#### Dataset records
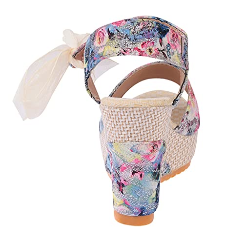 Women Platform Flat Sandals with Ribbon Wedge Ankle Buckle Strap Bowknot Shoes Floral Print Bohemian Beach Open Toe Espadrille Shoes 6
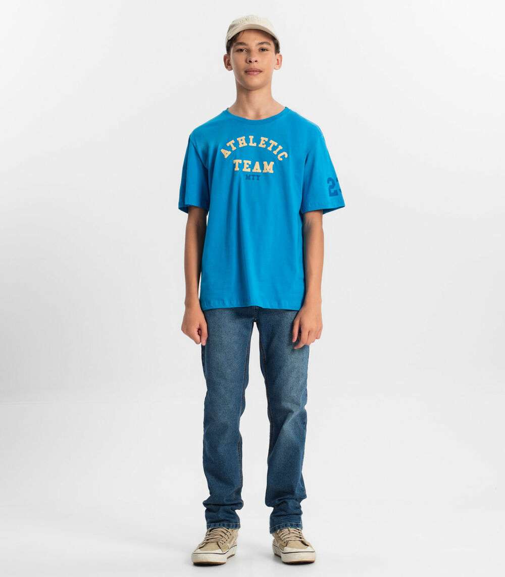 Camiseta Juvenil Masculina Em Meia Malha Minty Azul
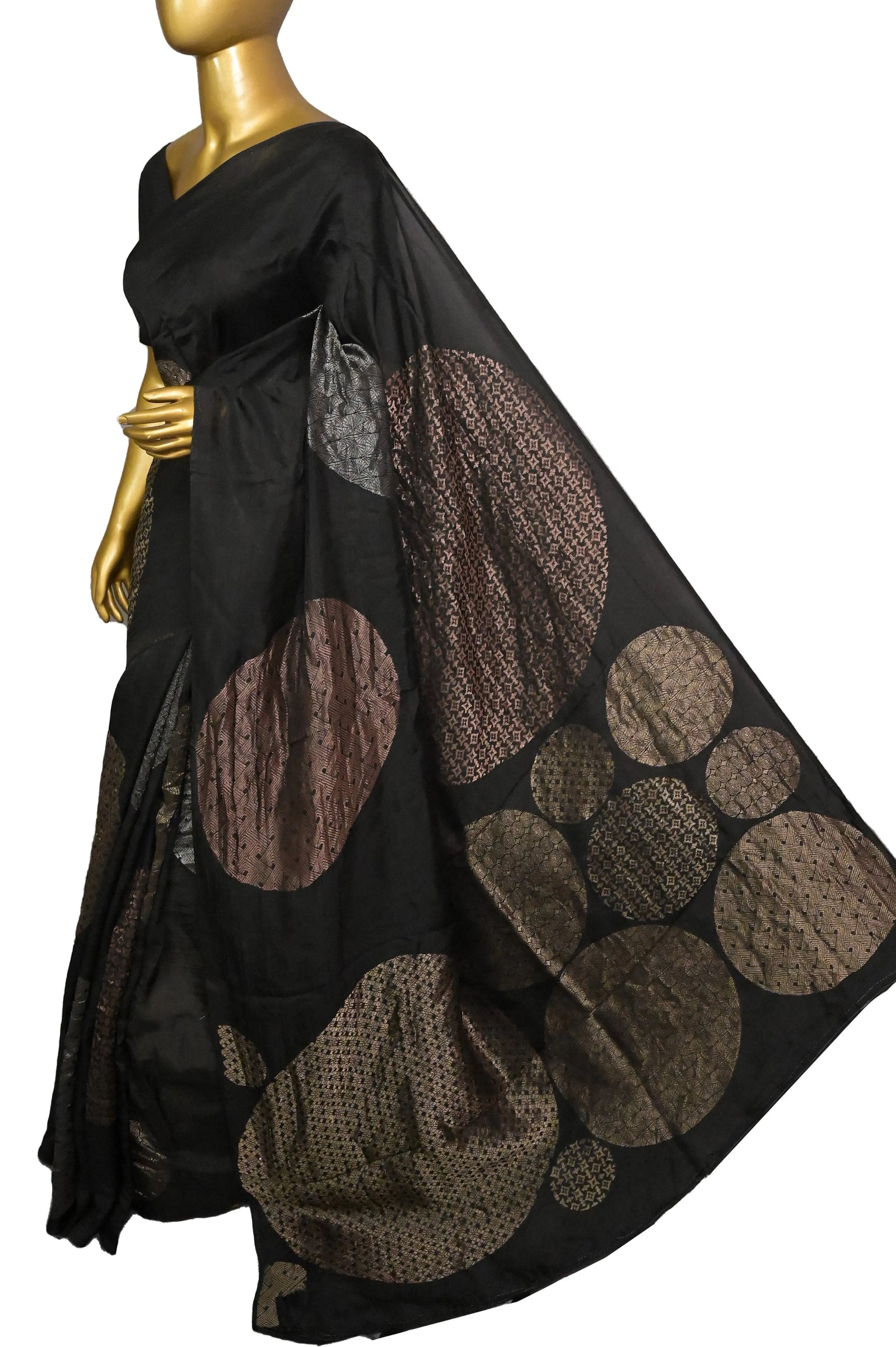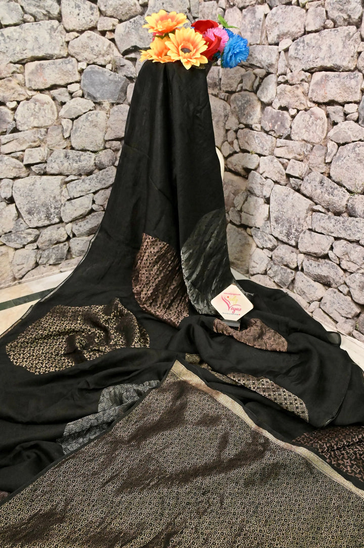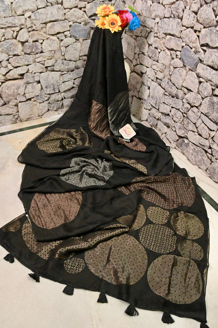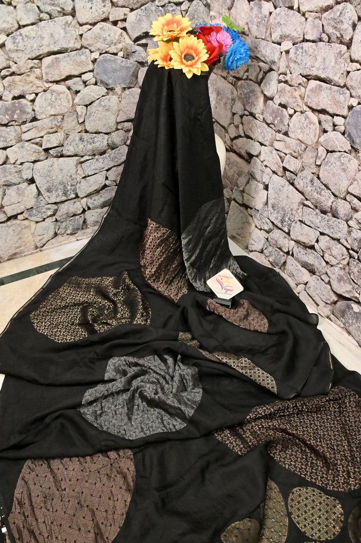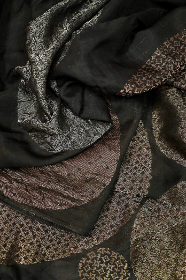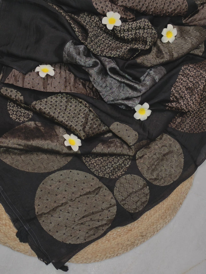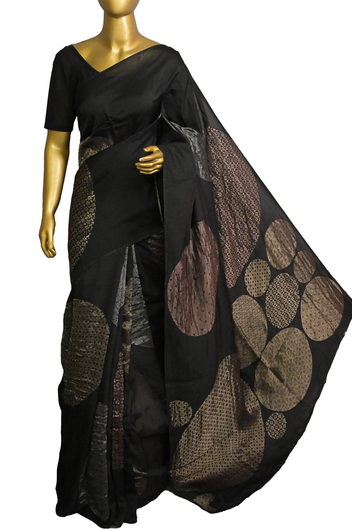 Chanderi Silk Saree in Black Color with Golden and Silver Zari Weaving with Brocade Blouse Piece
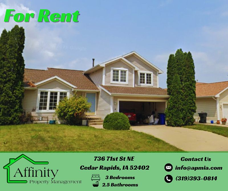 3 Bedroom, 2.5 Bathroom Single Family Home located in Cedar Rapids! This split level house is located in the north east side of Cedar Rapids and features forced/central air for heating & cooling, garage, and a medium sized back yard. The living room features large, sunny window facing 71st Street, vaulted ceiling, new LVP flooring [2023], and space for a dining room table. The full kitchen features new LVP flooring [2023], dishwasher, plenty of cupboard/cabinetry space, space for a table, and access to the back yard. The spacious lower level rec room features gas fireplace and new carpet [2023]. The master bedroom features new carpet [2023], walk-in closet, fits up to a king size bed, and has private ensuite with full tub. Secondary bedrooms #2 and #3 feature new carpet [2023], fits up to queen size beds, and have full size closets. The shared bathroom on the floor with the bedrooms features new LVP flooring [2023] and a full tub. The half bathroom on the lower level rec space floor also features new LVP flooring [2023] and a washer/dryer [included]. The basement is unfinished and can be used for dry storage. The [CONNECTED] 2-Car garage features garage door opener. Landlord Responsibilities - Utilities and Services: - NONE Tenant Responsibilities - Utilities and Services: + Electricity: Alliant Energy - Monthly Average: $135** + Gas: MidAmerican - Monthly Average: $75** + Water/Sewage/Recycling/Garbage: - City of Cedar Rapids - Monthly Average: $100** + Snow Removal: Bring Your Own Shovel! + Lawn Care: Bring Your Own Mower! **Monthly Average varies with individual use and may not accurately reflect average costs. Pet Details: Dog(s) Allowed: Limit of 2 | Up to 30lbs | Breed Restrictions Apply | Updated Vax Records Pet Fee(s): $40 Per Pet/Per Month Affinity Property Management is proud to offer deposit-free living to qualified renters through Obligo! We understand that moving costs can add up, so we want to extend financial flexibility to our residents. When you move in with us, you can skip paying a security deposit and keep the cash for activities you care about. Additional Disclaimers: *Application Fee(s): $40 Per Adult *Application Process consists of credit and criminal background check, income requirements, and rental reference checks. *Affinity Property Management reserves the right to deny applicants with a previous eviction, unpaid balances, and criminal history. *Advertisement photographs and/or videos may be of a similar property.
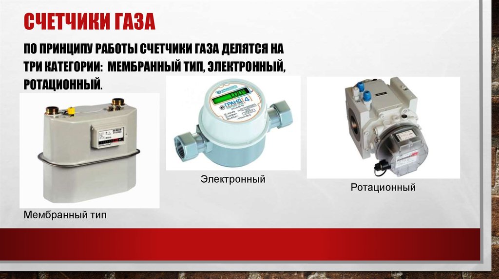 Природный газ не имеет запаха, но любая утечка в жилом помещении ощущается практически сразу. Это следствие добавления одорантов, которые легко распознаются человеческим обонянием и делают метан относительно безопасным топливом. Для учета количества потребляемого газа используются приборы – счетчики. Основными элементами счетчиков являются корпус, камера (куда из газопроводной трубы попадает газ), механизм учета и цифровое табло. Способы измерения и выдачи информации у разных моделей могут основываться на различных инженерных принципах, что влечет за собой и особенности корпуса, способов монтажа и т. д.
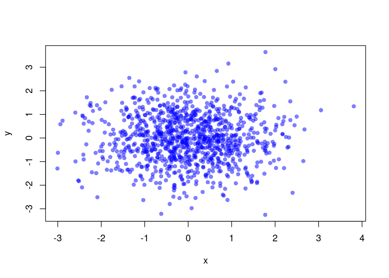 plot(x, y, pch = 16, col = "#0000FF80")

#### Exercise objective
Nothing but the lines from the beginning of the material above through the line containing "Chanderi Silk Saree" should appear in the answer, copied exactly and free of pictures.

#### Task answer
 Women Platform Flat Sandals with Ribbon Wedge Ankle Buckle Strap Bowknot Shoes Floral Print Bohemian Beach Open Toe Espadrille Shoes 6
 Camiseta Juvenil Masculina Em Meia Malha Minty Azul
 Chanderi Silk Saree in Black Color with Golden and Silver Zari Weaving with Brocade Blouse Piece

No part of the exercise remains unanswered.